The FIA has now made it plain that ‘all’ lapped cars must un-lap themselves before a restart.

To avoid a repeat of the controversy that arose after last year’s title-deciding race in Abu Dhabi, Formula One’s governing body has revised its safety car rules.

In the closing laps at Yas Marina Circuit, race director Michael Masi, who was dismissed from his job last month, went against protocol to allow Red Bull’s Max Verstappen to past Mercedes’ Lewis Hamilton and clinch the title on the penultimate lap.

The decision effectively denied Hamilton a record eighth title, as both drivers were tied on points heading into the last race of 2021.

The FIA, the sport’s governing body, has clarified that “all” lapped cars must unlap themselves before a restart, rather than the more ambiguous “any.”

After just the lapped cars between Verstappen and Hamilton, who were currently leading, had unlapped themselves, Masi had permitted the race to resume.

Because lapped cars between Verstappen and third-placed Carlos Sainz’s Ferrari, as well as those further down the field, were left in position, not all drivers in the field were treated equally. Eventually Verstappen who was on fresh tyres and the ability to overtake his title opponent, the Red Bull driver had enough time for one final lap of racing.

The decision effectively denied Hamilton a record eighth title, as both drivers were tied on points heading into the last race of 2021.

The FIA announced that a second contentious regulation from the Etihad Airways Abu Dhabi Grand Prix overflow will remain in place. Following the broadcast of the notification indicating lapped cars may now overtake, the race must be restarted “at the end of the following lap.”

Masi disregarded the rule and resumed the race at the end of the lap during which only a few lapped cars were allowed to pass the leaders. The race would not have restarted if he had followed the rules, and Hamilton would have been crowned world champion.
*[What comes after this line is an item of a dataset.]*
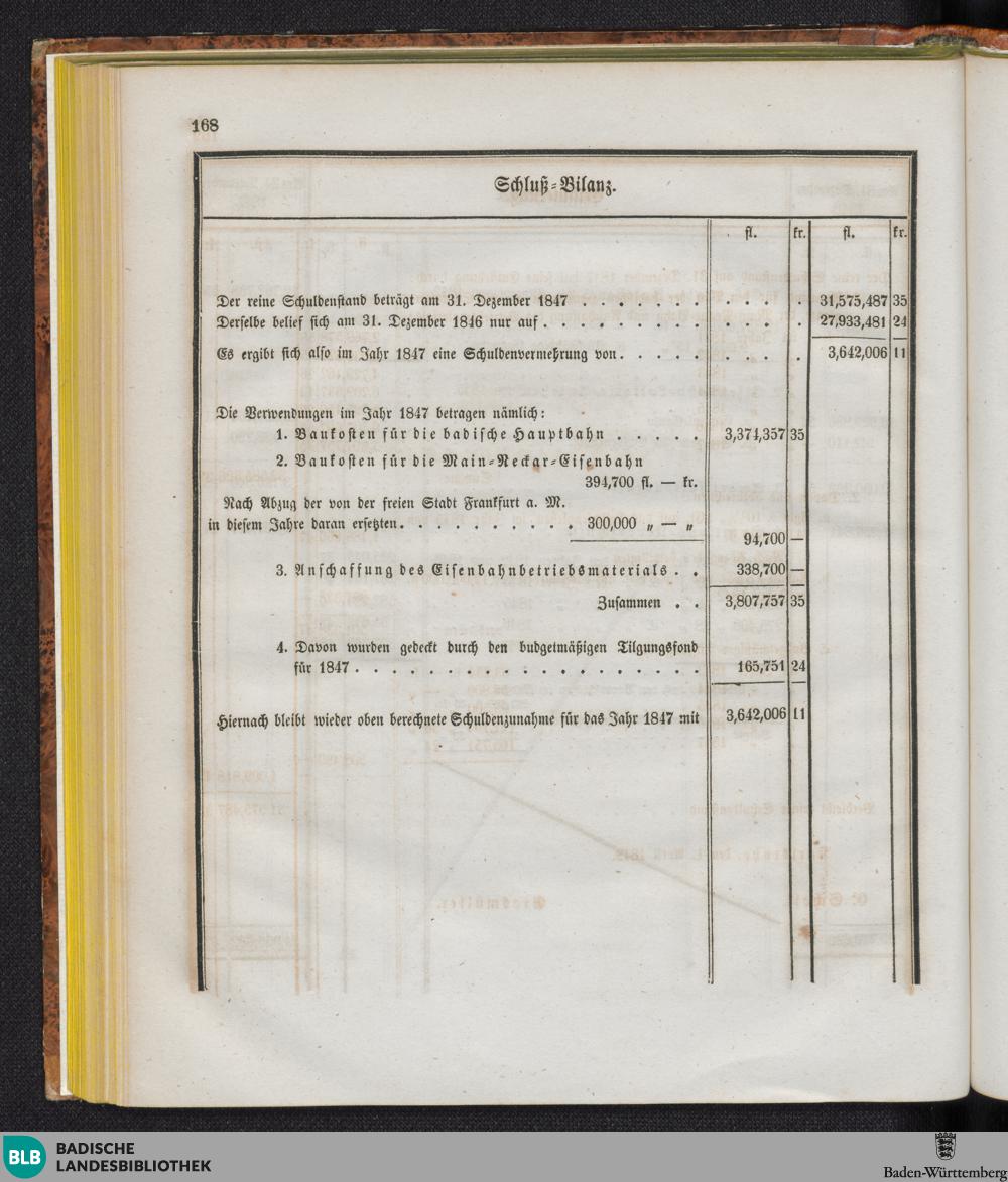 Summarische Darstellung der Eisenbahn-Schuldentilgungs-Kasse-Rechnung für das Jahr...

The decision effectively denied Hamilton a record eighth title, as both drivers were tied on points heading into the last race of 2021.

Masi has subsequently been replaced by two officials, Niels Wittich and Eduardo Freitas, who will split the race director responsibilities as part of a broader reorganization of the refereeing process.

Herbie Blash, a long-time FIA advisor who retired in 2016 after 50 years in the sport, will rejoin them as a permanent senior advisor. Blash formerly worked as an assistant to Charlie Whiting, the late race director.

This weekend sees the start of the new season in Bahrain.